Subject: USE_SIGCHLD and fork
There is an unfortunate interaction between USE_SIGCHLD and fork(). If USE_SIGCHLD is set true, and a process spawns child processes that inherit the same kernel (for example: a forking server), the sub-process will inherit the parent's $kr_child_procs (see POE::Resource::Signals). If no furthur sub-processes are created in the child, $kr_child_procs will never be reset. The child process's kernel will become idle. A quick work around is to call $kernel->_data_sig_initialize in the child process, after the fork. A better idea would be to make a new $kernel->fork(), which would : a- resets the kernel ID; b- call _data_sig_initialize; c- post a _forked signal (say); d- ????; e- PROFIT!
I'm worried that either suggestion requires applications to call some POE::Kernel method. Perhaps it might be more robust for POE::Kernel to passively notice that $$ has changed and do the right thing. Problem: Overhead constantly checking $$. Maybe the checks can go somewhere seldom and strategic?

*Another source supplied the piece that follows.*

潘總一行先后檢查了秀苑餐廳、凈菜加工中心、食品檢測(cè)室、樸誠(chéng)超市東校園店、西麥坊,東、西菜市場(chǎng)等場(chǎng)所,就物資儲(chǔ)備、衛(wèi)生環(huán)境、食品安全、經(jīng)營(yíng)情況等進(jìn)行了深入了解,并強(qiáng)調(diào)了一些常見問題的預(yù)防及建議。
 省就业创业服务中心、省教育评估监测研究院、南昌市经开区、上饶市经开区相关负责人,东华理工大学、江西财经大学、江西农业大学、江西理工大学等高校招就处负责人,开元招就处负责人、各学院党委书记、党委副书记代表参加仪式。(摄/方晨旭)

Furthur to my ranting last night on IRC, I've got a patch that fixes the new problem : In POE 1.003, even with Loop::Event, USE_SIGCHLD will use $SIG{CHLD} to catch CHLD. At shutdown, loop_ignore_signal (called from loop_ignore_all_signals) will set $SIG{CHLD} = 'DEFAULT'. If kr_child_procs == 1, this will prevent the kernel from ever exiting! The included patch modifies loop_ignore_signal to prevent it from resetting CHLD if kr_child_procs == 1. This might be a low impact fix to the entire problem. One thing that is bothersome is that loop_ignore_signal( 'CHLD' ) is also called at start-up (I think), but at that point, kr_child_procs should never be 1.

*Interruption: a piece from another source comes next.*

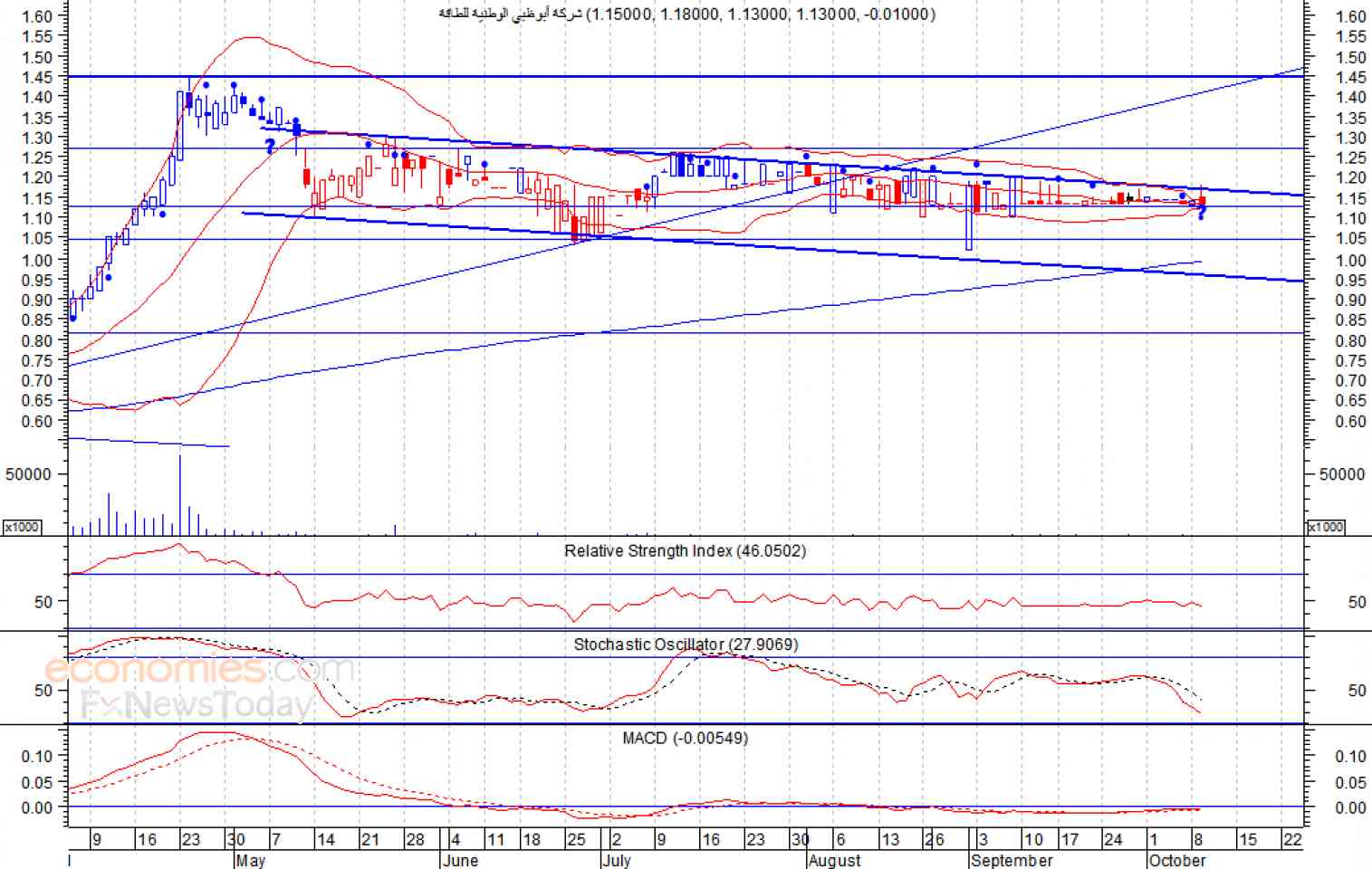 ومتوقع ان يكون النطاق السعري خلال جلسة اليوم بين مستوى الدعم هو 1.10 درهم وبين مستوى المقاومة هو 1.16 درهم

--- lib/POE/Loop/PerlSignals.pm 2008-05-25 19:01:59.000000000 -0400 +++ /usr/lib/perl5/site_perl/5.8.8/POE/Loop/PerlSignals.pm 2009-02-25 04:16:08.000000000 -0500 @@ -99,10 +99,22 @@ sub loop_ignore_signal { my ($self, $signal) = @_; - delete $signal_watched{$signal}; - - unless ( USE_SIGCHLD ) { if ($signal eq 'CHLD' or $signal eq 'CLD') { + if ( USE_SIGCHLD ) { + if( $self->_data_sig_child_procs) { + # We need SIGCHLD to stay around after shutdown, so that + # child processes may be reaped and kr_child_procs=0 + if (TRACE_SIGNALS) { + POE::Kernel::_warn "<sg> Keeping SIG$signal anyway!"; + } + return; + } + } + else { + delete $signal_watched{$signal}; + if (TRACE_SIGNALS) { + POE::Kernel::_warn "<sg> Cease polling SIG$signal"; + } $self->_data_sig_cease_polling(); # We should never twiddle $SIG{CH?LD} under poe, unless we want to # override system() and friends. --hachi @@ -110,13 +122,18 @@ return; } } + delete $signal_watched{$signal}; + + my $state = 'DEFAULT'; if ($signal eq 'PIPE') { - $SIG{$signal} = "IGNORE"; - return; + $state = 'IGNORE'; } - $SIG{$signal} = "DEFAULT"; + if (TRACE_SIGNALS) { + POE::Kernel::_warn "<sg> $state SIG$signal"; + } + $SIG{$signal} = $state; } sub loop_ignore_all_signals {
Your patch passes "make test", but I don't have a test case that proves it fixes the problem you've seen. Can you provide a simple Test::More test I can add to POE::Test::Loops? Thanks!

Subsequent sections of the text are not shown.